--- Aim of the task ---
Exactly retype the lines below from the one containing "Из судског механизма" through the end of the listing. Leave pictures out.

--- Records for this task ---
○ ○ ○ ○ ○
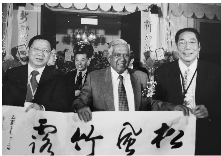
邱零与原新加坡总统纳丹在一起
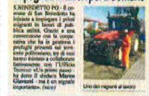
Uno dei progetti di lavoro

SAN BENEDETTO PO. È il comune di San Benedetto Po, in provincia di Cuneo, che ha dato il via a un progetto di inclusione sociale. I primi migranti sono stati assorbiti in lavori di manutenzione del verde pubblico, della pulizia delle strade e della manutenzione delle opere pubbliche. Il progetto è stato finanziato dal Comune e dalla Regione Piemonte. I primi migranti sono stati assorbiti in lavori di manutenzione del verde pubblico, della pulizia delle strade e della manutenzione delle opere pubbliche. Il progetto è stato finanziato dal Comune e dalla Regione Piemonte.
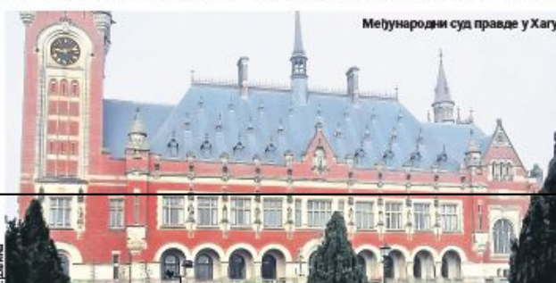
Међународни суд правде у Хагу

Из судског механизма за „Политику“ је одговорено да тај суд не може да коментарише предлоге којима адвокати траже пуштање осуђеника на слободу. Наши саговорници, адвокати са великим искуством у одбрани пред Хашким трибуналом, очекују да однедавно нема места оптимизму када је реч о пуштању на превремену слободу Срба које је осудио трибунал. стр. 8
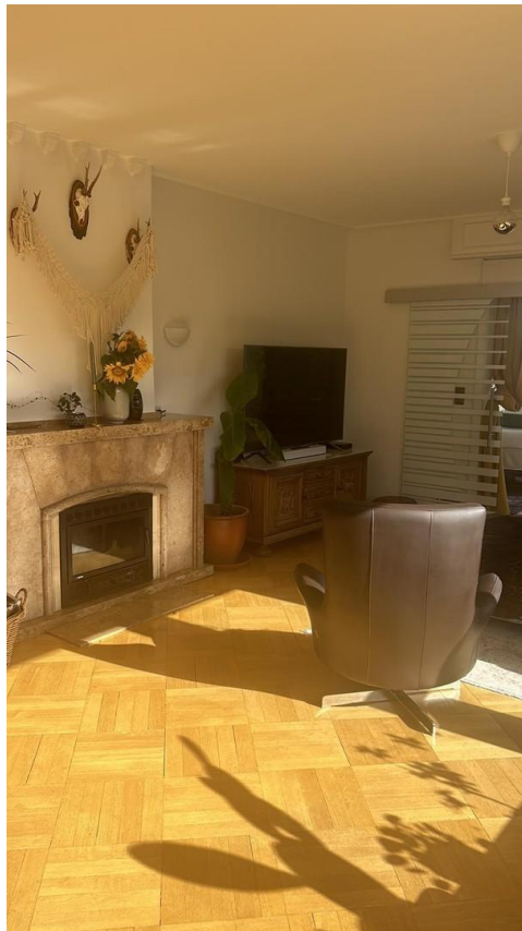
Wohnzimmer mit Kamin 1.OG
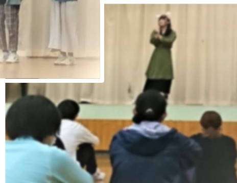
全校『ひもつなぎ』、『借り物競争』、『イントロクイズ』の様子
○ ○ ○ ○ ○
--- Finished exercise ---
Из судског механизма за „Политику“ је одговорено да тај суд не може да коментарише предлоге којима адвокати траже пуштање осуђеника на слободу. Наши саговорници, адвокати са великим искуством у одбрани пред Хашким трибуналом, очекују да однедавно нема места оптимизму када је реч о пуштању на превремену слободу Срба које је осудио трибунал. стр. 8
Wohnzimmer mit Kamin 1.OG
全校『ひもつなぎ』、『借り物競争』、『イントロクイズ』の様子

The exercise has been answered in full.